Segment Start: Extracted entries

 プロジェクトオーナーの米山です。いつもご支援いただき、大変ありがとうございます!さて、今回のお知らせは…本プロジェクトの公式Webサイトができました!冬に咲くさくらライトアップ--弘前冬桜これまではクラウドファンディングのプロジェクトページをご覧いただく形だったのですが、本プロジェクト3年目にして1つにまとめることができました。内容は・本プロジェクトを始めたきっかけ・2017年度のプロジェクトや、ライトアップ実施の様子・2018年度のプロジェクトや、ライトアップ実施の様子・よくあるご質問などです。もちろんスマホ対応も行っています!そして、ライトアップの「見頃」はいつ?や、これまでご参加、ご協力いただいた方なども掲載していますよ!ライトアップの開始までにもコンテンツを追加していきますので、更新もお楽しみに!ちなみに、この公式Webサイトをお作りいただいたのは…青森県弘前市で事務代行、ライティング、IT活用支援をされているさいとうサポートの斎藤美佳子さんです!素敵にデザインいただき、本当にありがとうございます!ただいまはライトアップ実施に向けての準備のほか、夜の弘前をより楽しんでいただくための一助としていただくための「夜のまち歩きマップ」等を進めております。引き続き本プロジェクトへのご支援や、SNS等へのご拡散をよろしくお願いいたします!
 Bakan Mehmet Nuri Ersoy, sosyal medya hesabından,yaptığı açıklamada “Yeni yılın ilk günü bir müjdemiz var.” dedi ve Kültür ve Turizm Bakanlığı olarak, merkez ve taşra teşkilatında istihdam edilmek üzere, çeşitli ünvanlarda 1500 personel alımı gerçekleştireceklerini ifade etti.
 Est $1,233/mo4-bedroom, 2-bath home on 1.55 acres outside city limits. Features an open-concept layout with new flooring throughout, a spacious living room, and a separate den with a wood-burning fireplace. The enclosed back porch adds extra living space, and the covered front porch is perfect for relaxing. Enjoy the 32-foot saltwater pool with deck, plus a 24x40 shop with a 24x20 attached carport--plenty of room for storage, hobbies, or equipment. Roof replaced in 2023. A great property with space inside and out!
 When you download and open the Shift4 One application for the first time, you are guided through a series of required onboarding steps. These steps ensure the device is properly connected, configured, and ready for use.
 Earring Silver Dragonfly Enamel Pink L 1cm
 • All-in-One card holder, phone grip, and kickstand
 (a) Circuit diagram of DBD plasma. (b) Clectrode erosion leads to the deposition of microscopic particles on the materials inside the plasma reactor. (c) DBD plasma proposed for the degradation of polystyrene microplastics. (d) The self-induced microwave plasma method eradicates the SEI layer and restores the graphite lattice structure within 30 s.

Segment End: Extracted entries

__What is required__:
Word for word, output the records that appear above.

__Written solution__:
 プロジェクトオーナーの米山です。いつもご支援いただき、大変ありがとうございます!さて、今回のお知らせは…本プロジェクトの公式Webサイトができました!冬に咲くさくらライトアップ--弘前冬桜これまではクラウドファンディングのプロジェクトページをご覧いただく形だったのですが、本プロジェクト3年目にして1つにまとめることができました。内容は・本プロジェクトを始めたきっかけ・2017年度のプロジェクトや、ライトアップ実施の様子・2018年度のプロジェクトや、ライトアップ実施の様子・よくあるご質問などです。もちろんスマホ対応も行っています!そして、ライトアップの「見頃」はいつ?や、これまでご参加、ご協力いただいた方なども掲載していますよ!ライトアップの開始までにもコンテンツを追加していきますので、更新もお楽しみに!ちなみに、この公式Webサイトをお作りいただいたのは…青森県弘前市で事務代行、ライティング、IT活用支援をされているさいとうサポートの斎藤美佳子さんです!素敵にデザインいただき、本当にありがとうございます!ただいまはライトアップ実施に向けての準備のほか、夜の弘前をより楽しんでいただくための一助としていただくための「夜のまち歩きマップ」等を進めております。引き続き本プロジェクトへのご支援や、SNS等へのご拡散をよろしくお願いいたします!
 Bakan Mehmet Nuri Ersoy, sosyal medya hesabından,yaptığı açıklamada “Yeni yılın ilk günü bir müjdemiz var.” dedi ve Kültür ve Turizm Bakanlığı olarak, merkez ve taşra teşkilatında istihdam edilmek üzere, çeşitli ünvanlarda 1500 personel alımı gerçekleştireceklerini ifade etti.
 Est $1,233/mo4-bedroom, 2-bath home on 1.55 acres outside city limits. Features an open-concept layout with new flooring throughout, a spacious living room, and a separate den with a wood-burning fireplace. The enclosed back porch adds extra living space, and the covered front porch is perfect for relaxing. Enjoy the 32-foot saltwater pool with deck, plus a 24x40 shop with a 24x20 attached carport--plenty of room for storage, hobbies, or equipment. Roof replaced in 2023. A great property with space inside and out!
 When you download and open the Shift4 One application for the first time, you are guided through a series of required onboarding steps. These steps ensure the device is properly connected, configured, and ready for use.
 Earring Silver Dragonfly Enamel Pink L 1cm
 • All-in-One card holder, phone grip, and kickstand
 (a) Circuit diagram of DBD plasma. (b) Clectrode erosion leads to the deposition of microscopic particles on the materials inside the plasma reactor. (c) DBD plasma proposed for the degradation of polystyrene microplastics. (d) The self-induced microwave plasma method eradicates the SEI layer and restores the graphite lattice structure within 30 s.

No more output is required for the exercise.